X

News, tips, partners, and perspectives for the Oracle Linux operating system and upstream Linux kernel work

Multithreaded Struct Page Initialization

Guest Author

Oracle Linux kernel developer Daniel Jordan contributes this post on the initial support for multithreaded jobs in padata.

 

 

The last padata blog described unbinding padata jobs from specific CPUs. This post will cover padata's initial support for multithreading CPU-intensive kernel paths, which takes us to the memory management system.

The Bottleneck

During boot, the kernel needs to initialize all its page structures so they can be freed to the buddy allocator and put to good use. This became expensive as memory sizes grew into the terabytes, so in 2015 Linux got a new feature called deferred struct page initialization that brought the time down on NUMA machines. Instead of a single thread doing all the work, that thread only initialized a small subset of the pages early on, and then per-node threads did the rest later.

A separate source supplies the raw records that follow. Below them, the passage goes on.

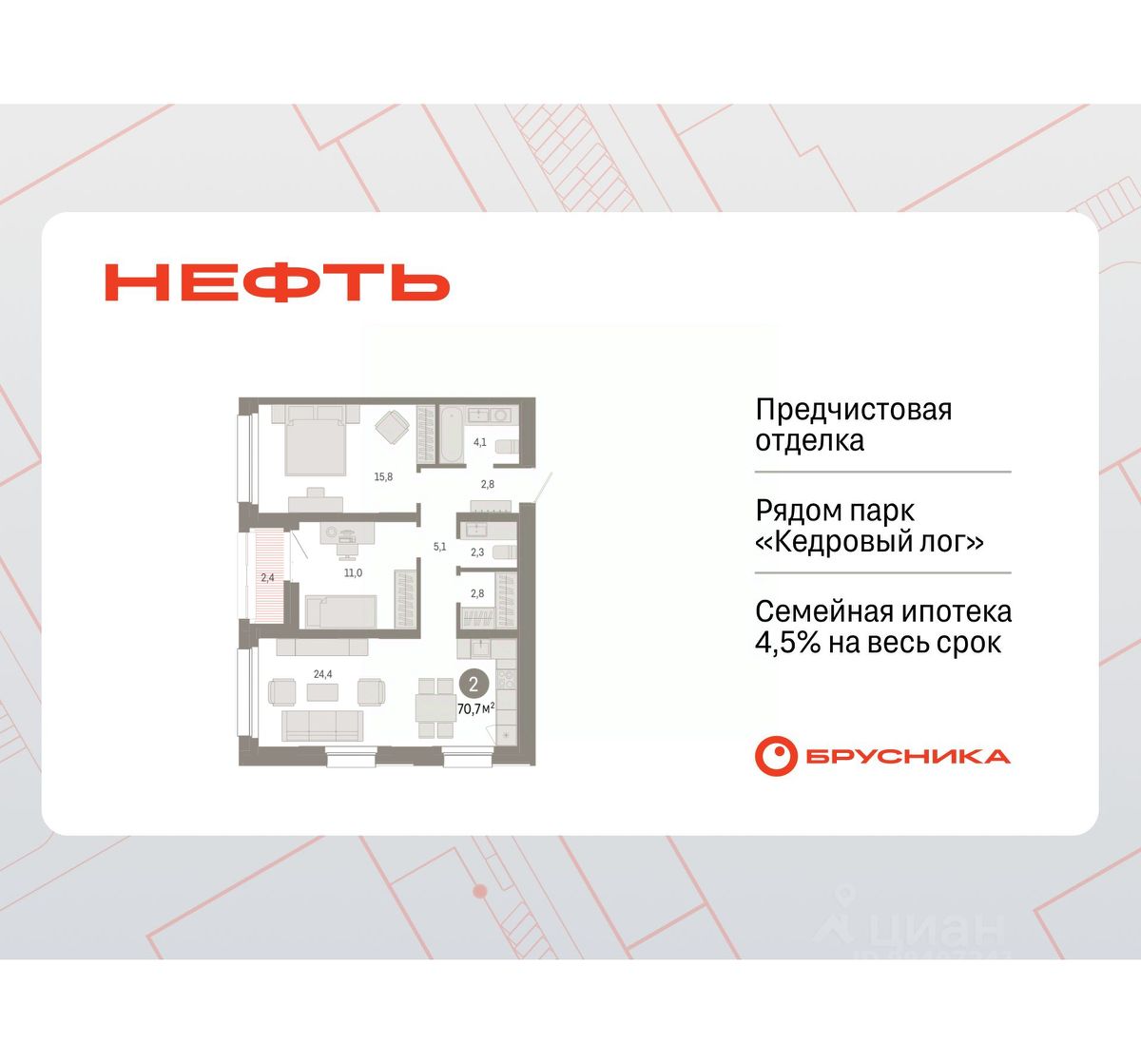 Квартира с кухней-гостиной и двумя спальнями в квартале ''Нефть''. Особенности планировки: второй санузел, гардеробная, вид во двор, лоджия, предчистовая отделка. квартиры в нашей базе: НФТ01-Ж3.15.7.
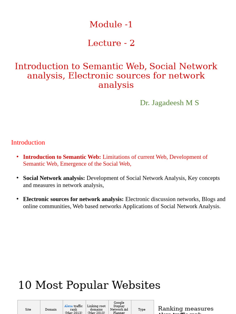 • Introduction to Semantic Web: Limitations of current Web, Development of
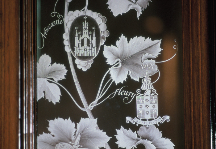 She was commissioned to engrave carafes, a jug and tumblers as part of a suite of glasses presented by The Glass Engraving Trust to Number 10 Downing Street.
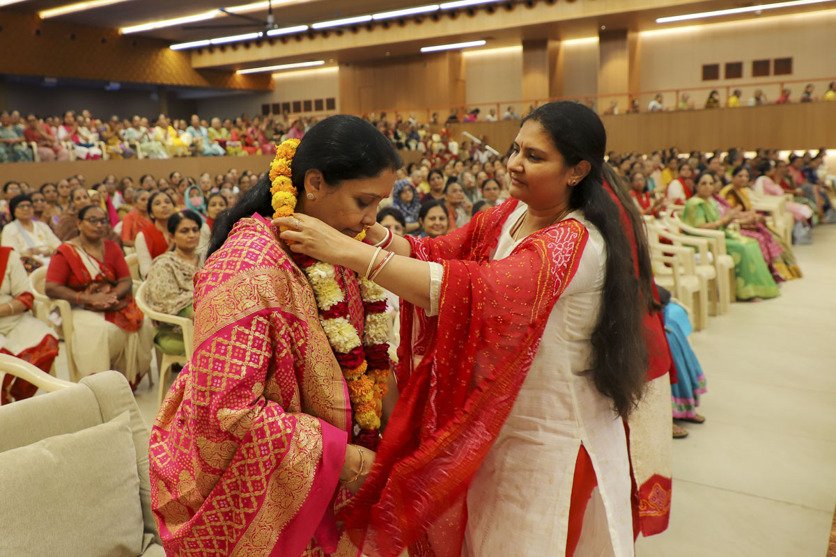 A volunteer of BAPS welcomes Shri Pratibha Jain, Mayor of Ahmedabad, with a garland
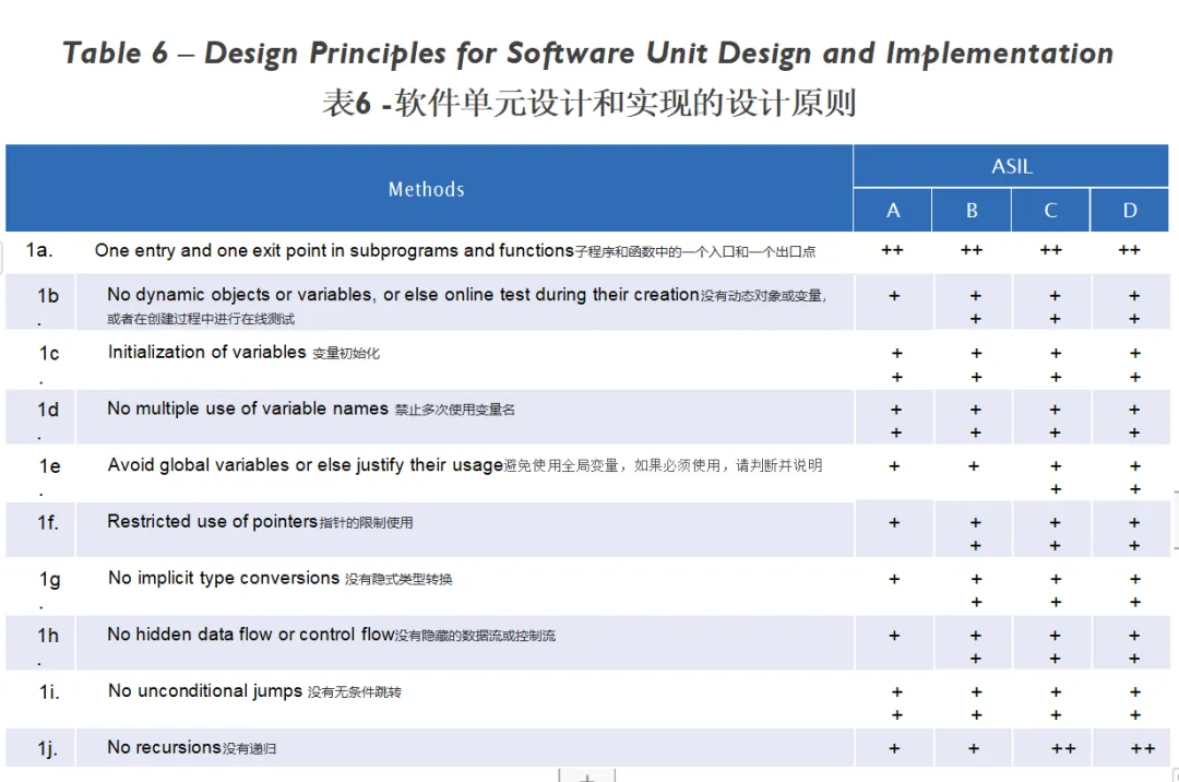 例如,在下面的表6中(第7頁),子程序和函數中的一個入口點和一個出口點被強烈推薦給所有的ASIL等級,而沒有遞歸只被推薦給較低的級別。

This helped significantly on systems with many nodes, saving hundreds of seconds on a 24 TB server. However, it left some performance on the table for machines with many cores but not enough nodes to take full advantage of deferred init as it was initially implemented. One of the machines I tested had 2 nodes and 768 GB memory, and its pages took 1.7 seconds to be initialized, by far the largest component of the 4 seconds it took to boot the kernel. That may seem like a small amount of time in absolute terms, but it matters in a few different cases as explained in this changelog:

Optimizing deferred init maximizes availability for large-memory systems and allows spinning up short-lived VMs as needed without having to leave them running. It also benefits bare metal machines hosting VMs that are sensitive to downtime. In projects such as VMM Fast Restart, where guest state is preserved across kexec reboot, it helps prevent application and network timeouts in the guests.

So there was a need to use more than one thread per node to take full advantage of system memory bandwidth on machines where memory was concentrated over relatively few nodes.

The Timing

Deferred init turned out to be a good place to start upstreaming support for multithreaded kernel jobs because of how early it happens. This is before userspace is ready, when there is no other significant activity in the system because it is waiting for page initialization to be finished. That allowed delaying many of the prerequisites that the community has deemed necessary for starting these jobs from userspace.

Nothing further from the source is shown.